The judgment of the district court is affirmed.
. The HONORABLE H. FRANKLIN WATERS, Chief Judge, United States District Court for the Western District of Arkansas.
. For cases involving Eighth Circuit institutions, see Dover Elevator Co. v. Arkansas State Univ., 64 F.3d 442, 446-47 (8th Cir.1995); Richmond v. Board of Regents of Univ. of Minn., 957 F.2d 595, 599 (8th Cir.1992); Sherman v. Curators of Univ. of Mo., 871 F.Supp. 344, 345 (W.D.Mo.1994); Van Pilsum v. Iowa State Univ. of Science and Tech., 863 F.Supp. 935, 937 (S.D.Iowa 1994); Assaad-Faltas v. University of Ark. for Medical Sciences, 708 F.Supp. 1026, 1030 (E.D.Ark.1989), aff'd, 902 F.2d 1572 (8th Cir.), cert. denied, 498 U.S. 905, 111 S.Ct. 271, 112 L.Ed.2d 227 (1990). A fact specific exception to the general rule is Kovats v.

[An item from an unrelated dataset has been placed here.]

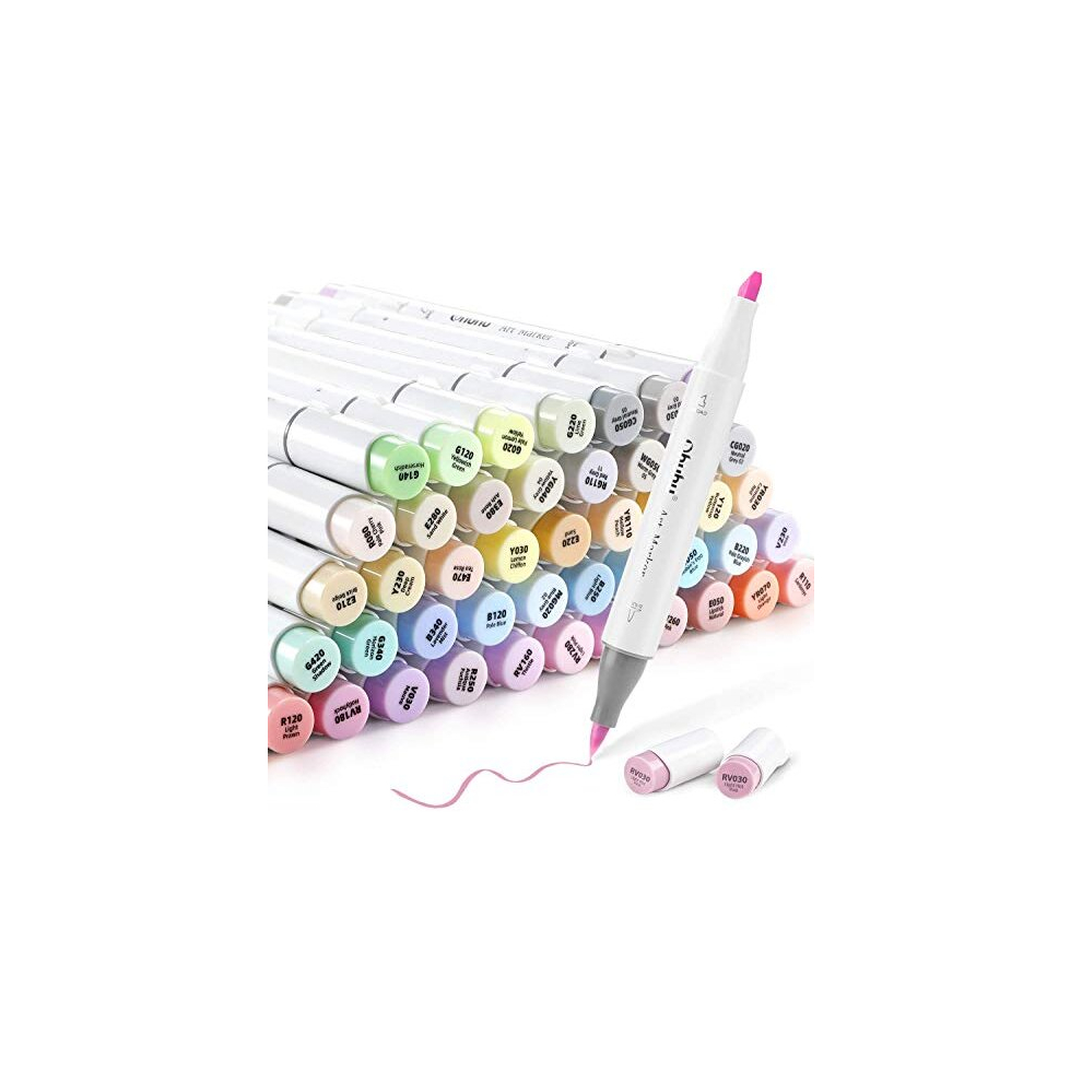 Ohuhu Colouring Pens 48 Pastel Colours Permanent Marker Pens Dual Tip Brush & Chisel Sketch Marker for Artist, Students, Brush Markers for Sketching, Adult Coloring Calligraphy Drawing

Rutgers, the State Univ., 822 F.2d 1303, 1307 (3d Cir.1987).
. See, e.g., Mitchell v. Los Angeles Community College Dist., 861 F.2d 198, 201-202 (9th Cir.1988), cert. denied, 490 U.S. 1081, 109 S.Ct. 2102, 104 L.Ed.2d 663 (1989); Goss v. San Jacinto Junior College, 588 F.2d 96, 98-99 (5th Cir.), modified on other grounds, 595 F.2d 1119 (5th Cir.1979); Korgich v. Regents of New Mexico Sch. of Mines, 582 F.2d 549, 551 (10th Cir.1978); Durrani v. Valdosta Technical Inst., 810 F.Supp. 301, 305 (M.D.Ga.1992), aff'd, 3 F.3d 443 (11th Cir.1993); Moche v. City Univ. of New York, 781 F.Supp. 160, 165-66 (E.D.N.Y.1992), aff'd, 999 F.2d 538 (2nd Cir.1993); Thomquest v. King, 626 F.Supp. 486, 488-89 (M.D.Fla.1985).
. Essentially, expenditures for land, buildings, and furniture and equipment. See § 6-61-501(2).

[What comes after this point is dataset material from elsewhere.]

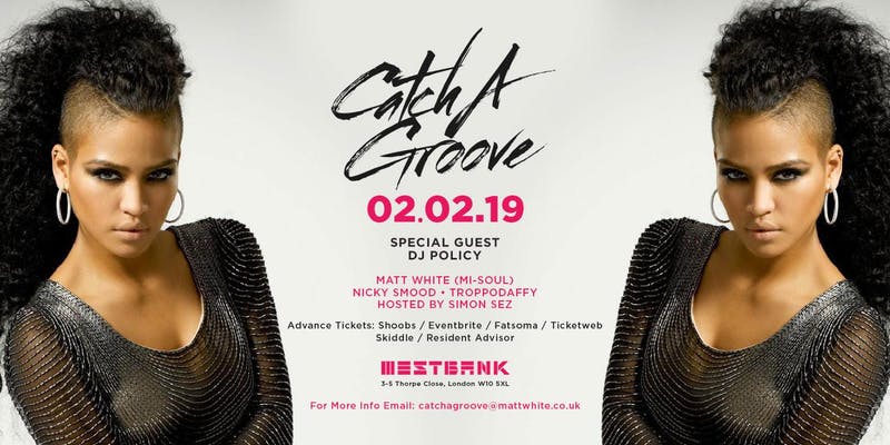 Catch A Groove returns for another of it’s incredible throwback parties at Westbank Gallery, Ladbroke Grove (10 mins from Marble Arch). Joining Matt White (Mi-Soul/Massive TV), Nicky Smood and Troppodaffy will be Kisstory and Ocean Beach Ibiza DJ Policy. Famed for his incredibly diverse DJ sets that take you on a journey from the 00’s right through to the 80’s across every genre off Urban, Rap and Dance music. For a night of stunning classics, good vibes and beautiful people join the Catch A Groove family for the finest in R&B, UKG, New Jack Swing, Bashment, Rap, Hip Hop Soul, Garage, Ragga, Neo Soul and other party favourites.

. "Operating expenses” include "funds devoted to or required for the regular or ordinary expense of the college, including administrative, maintenance, and salary expenses, but excluding capital outlay expenses, student activity expenses, and expense for intercollegiate athletics.” § 6-61-501(3) (Supp.1993); see also § 6-53-103(9) (Supp.1993).

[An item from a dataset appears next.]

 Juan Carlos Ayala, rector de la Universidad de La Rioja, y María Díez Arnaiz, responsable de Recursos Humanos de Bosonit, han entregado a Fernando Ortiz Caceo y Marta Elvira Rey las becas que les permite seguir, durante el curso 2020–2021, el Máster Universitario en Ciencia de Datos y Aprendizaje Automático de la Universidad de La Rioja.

. Arkansas has also characterized NACTC as a “state agency” in other governmental contexts. For example, the Department of Finance and Administration determined that community colleges are state agencies for purposes of exempting them from taxation, and the Attorney General determined that they are state agencies that qualify for grants from the Natural and Cultural Resources Grants and Trust Fund.
. The total local tax that may be levied for community college purposes is ten miles. § 6-61-503(a).
. Accord Lewis v. Midwestern State Univ., 837 F.2d 197, 199 (5th Cir.), cert. denied, 488 U.S. 849, 109 S.Ct. 129, 102 L.Ed.2d 102 (1988); Van Pilsum, 863 F.Supp. at 937-38. Conversely, the inquiry cannot end with the fact that the State appropriates funds for a community college, because then most local school districts would also be Eleventh Amendment immune. See Mt. Healthy, 429 U.S. at 280, 97 S.Ct. at 572.
. For example, most local school districts do not enjoy Eleventh Amendment immunity because they are dependent on local taxes and controlled by local governmental entities, like cities and counties. However, California has chosen to structure its public education entities so that all have Eleventh Amendment immunity. See Belanger v. Madera Unified Sch. Dist., 963 F.2d 248, 251-52 (9th Cir.1992), cert. denied, 507 U.S. 919, 113 S.Ct. 1280, 122 L.Ed.2d 674 (1993).
. See Note, Clothing State Governmental Entities with Sovereign Immunity: Disarray in the Eleventh Amendment Arm-of-the State Doctrine, 92 Colum.L.Rev. 1243, 1291-96 (1992) (collecting cases).